UnlearnShield: Shielding Forgotten Privacy against Unlearning Inversion
Lulu Xue 1, Shengshan Hu 1, Wei Lu 1, Ziqi Zhou 1, Yufei Song 1, Jianhong Cheng 1,2, Minghui Li 1, Yanjun Zhang 3, Leo Yu Zhang 4
1 Huazhong University of Science and Technology
2 Institute of Guizhou Aerospace Measuring and Testing Technology
Published on arXiv
2601.20325
Model Inversion Attack
OWASP ML Top 10 — ML03
Key Finding
Achieves a favorable trade-off among privacy protection against inversion attacks, model accuracy, and forgetting efficacy.
UnlearnShield
Novel technique introduced
Machine unlearning is an emerging technique that aims to remove the influence of specific data from trained models, thereby enhancing privacy protection.
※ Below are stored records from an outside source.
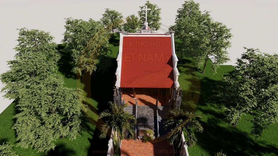 Về bố cục tổng thể, công trình được tổ chức theo trục dọc rất rõ ràng: từ cổng → sân → bậc tam cấp → hiên → không gian thờ chính. Trục này mang tính nghi lễ cao, dẫn dắt người đi từ không gian đời thường vào không gian linh thiêng. Biểu tượng thập giá được đặt ở vị trí cao nhất – chính giữa nóc nhà. Đây là cách xử lý rất “chuẩn tôn giáo”: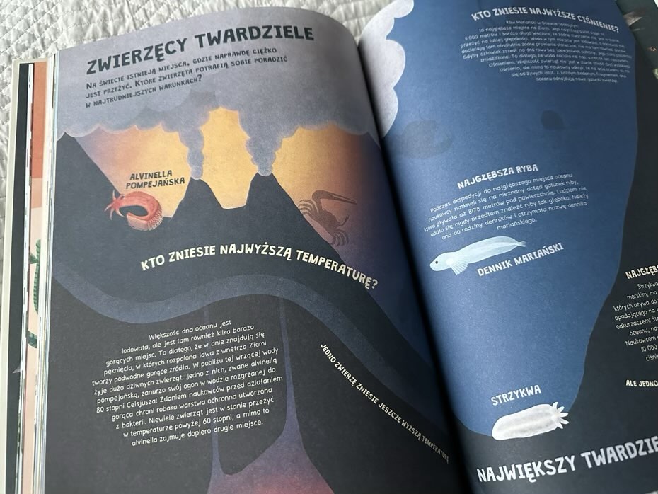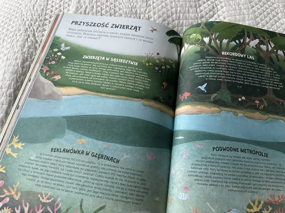 „Zwierzęca księga rekordów” to interesujący i edukujący tytuł wypełniony po brzegi ciekawostkami na różne tematy dotyczących fauny. Poza wyselekcjonowanymi kategoriami siostry Vestre przestawiły także poziom zagrożenia, przed jakim stoją dziś zwierzęta, oraz jakie działania należy podjąć, aby chronić te gatunki. Polecam.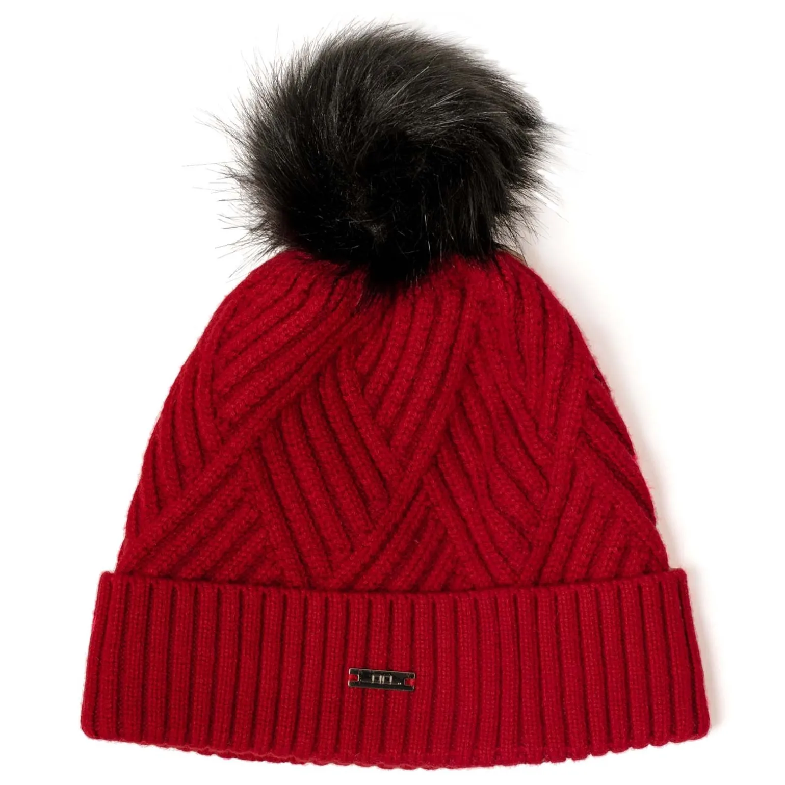 Luxuriöse Kaschmir-/Wollfasern. Mit Fleece gefütterte Wollmütze. Abnehmbare Kunstpelz-Bommel.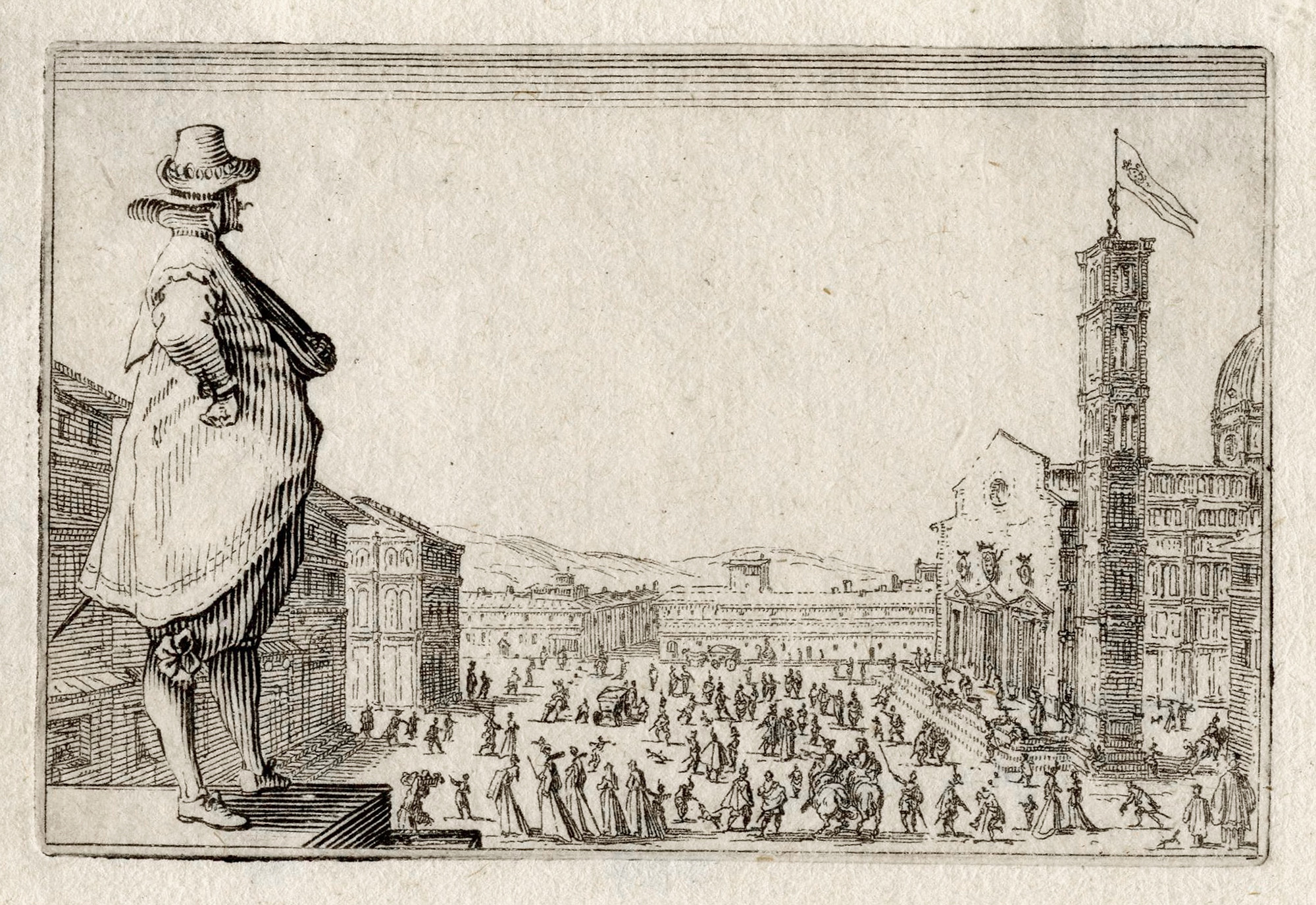 Jacques Callot, Cinque incisioni da Capricci di varie figure di Iacopo Callot: La place du Dôme, à Florence e quattro tavole impresse sul medesimo foglio. 1617.
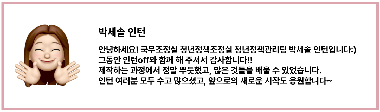 국무조정실 김영민 인턴 🙋♂️: 저 스스로 인턴 생활하면서 느꼈던 부분이에요. 일을 할 때는 힘들고 어렵지만 마무리했을 때 그 기분이 너무 좋았어요. ✨ 게다가 부여받은 일을 주무관님께 마무리해서 드렸는데 칭찬해주셨을 때 그 순간만큼은 내가 조금이라도 도움이 된 것 같아 일하는 것이 보람찼어요. 일을 마무리했을 때 쾌감과 부여받은 일을 정확히 해냄으로써 받은 칭찬 덕분에 일 하는 것이 정말 좋았고 즐거웠던 것 같습니다. 😄 |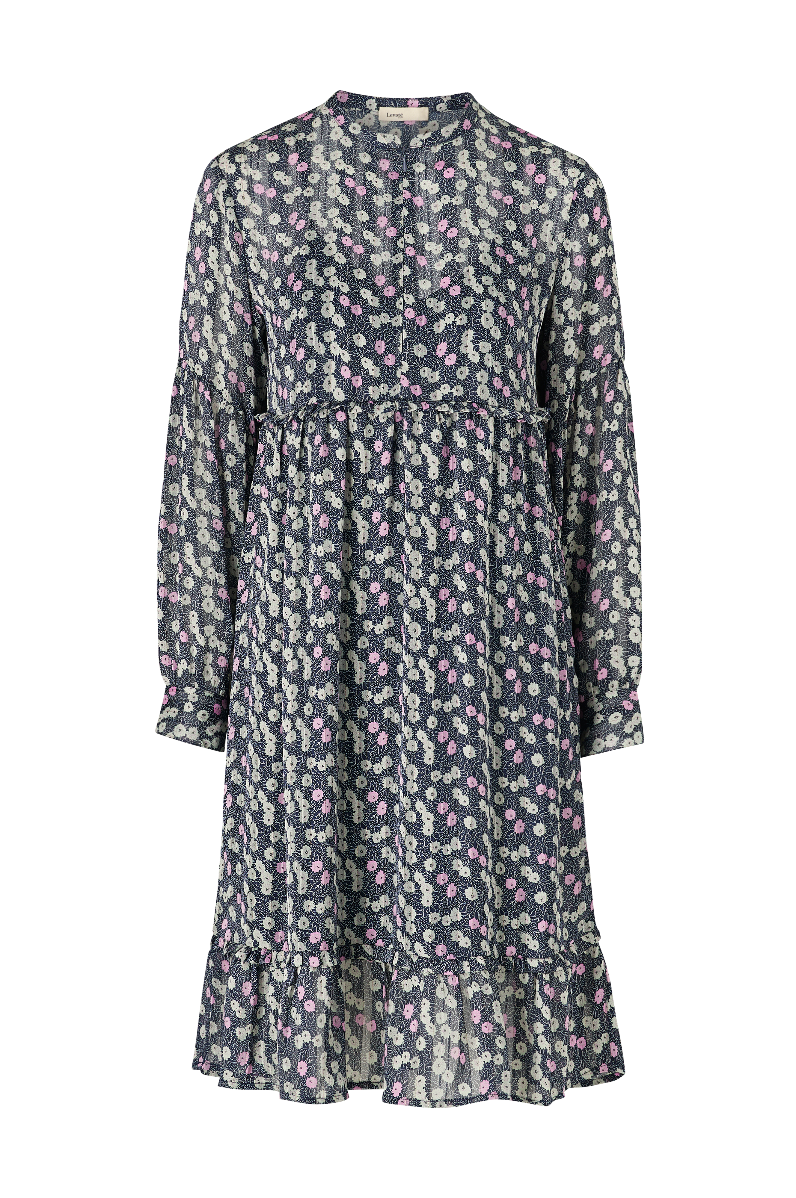 Kjole LR-Harvest 3 fra Levete Room. A-formet model med afskæring og lille flæse i taljen. Rund hals med lille kant og skjult lynlås foran på brystet. Langt ærme med afskæring ved albuen og ekstra vidde forneden samt manchet i ærmekant. Påsyet flæse i kant forneden på nederdel. Chiffon med indvævet guldtråd og udtagelig indvendig kjole med smalle, regulerbare skulderstropper. Længde ca. 104 cm i str. S.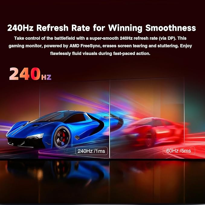 - Smooth Beyond Limits: 240Hz & 1ms for Championship-Level Play Experience absolute fluidity with no ghosting or tearing. The combination of a 240Hz ultra-high refresh rate and 1ms rapid response time ensures every flick-shot, turn, and high-speed movement is rendered with flawless clarity, giving you a millisecond-edge in competitive titles like Call of Duty and Apex Legends.
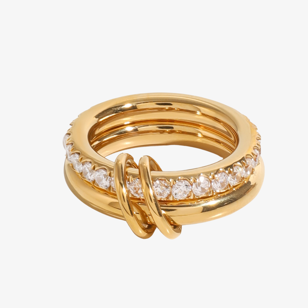 Elevate your elegance with this Interlocked Cubic Zirconia Band Ring, featuring two intricately linked bands adorned with sparkling cubic zirconia stones. This eternity-style ring offers timeless sophistication and a seamless design that symbolizes unity and enduring beauty. Perfect for adding a refined touch to any ensemble.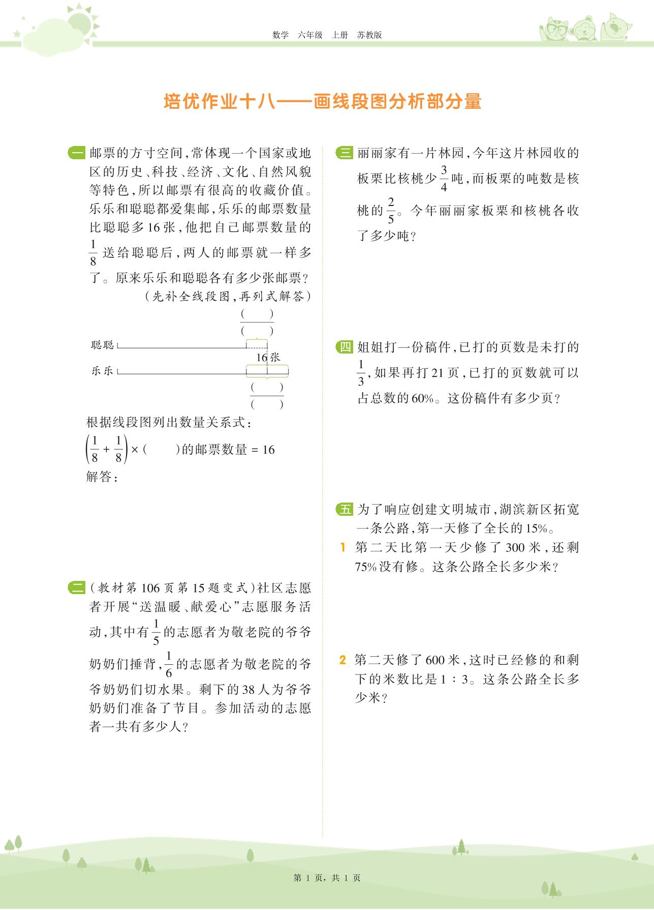 2020上册六年级数学苏教版 第六单元——培优作业十八——画线段图分析部分量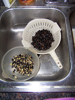 3. Strain Nixtamel in colander and rinse. Roll kernels in hands to remove excess loose skins. Our corn came out of the alkaline solution almost black, and once the skins were removed they were a rainbow of colors.

However, recent research has uncovered critical privacy vulnerabilities, showing that adversaries can exploit unlearning inversion to reconstruct data that was intended to be erased. Despite the severity of this threat, dedicated defenses remain lacking. To address this gap, we propose UnlearnShield, the first defense specifically tailored to counter unlearning inversion. UnlearnShield introduces directional perturbations in the cosine representation space and regulates them through a constraint module to jointly preserve model accuracy and forgetting efficacy, thereby reducing inversion risk while maintaining utility. Experiments demonstrate that it achieves a good trade-off among privacy protection, accuracy, and forgetting.
Key Contributions
- First defense specifically tailored to counter unlearning inversion attacks on machine-unlearned models
- Directional perturbations in cosine representation space that reduce reconstruction risk without degrading model accuracy or forgetting efficacy
- Constraint module that jointly balances privacy protection, model utility, and forgetting quality
🛡️ Threat Analysis
The threat model is an adversary exploiting unlearning inversion to reconstruct training data that was intentionally forgotten — a direct data reconstruction attack. UnlearnShield defends against this by introducing directional perturbations in the cosine representation space to reduce inversion risk while preserving model utility and forgetting efficacy.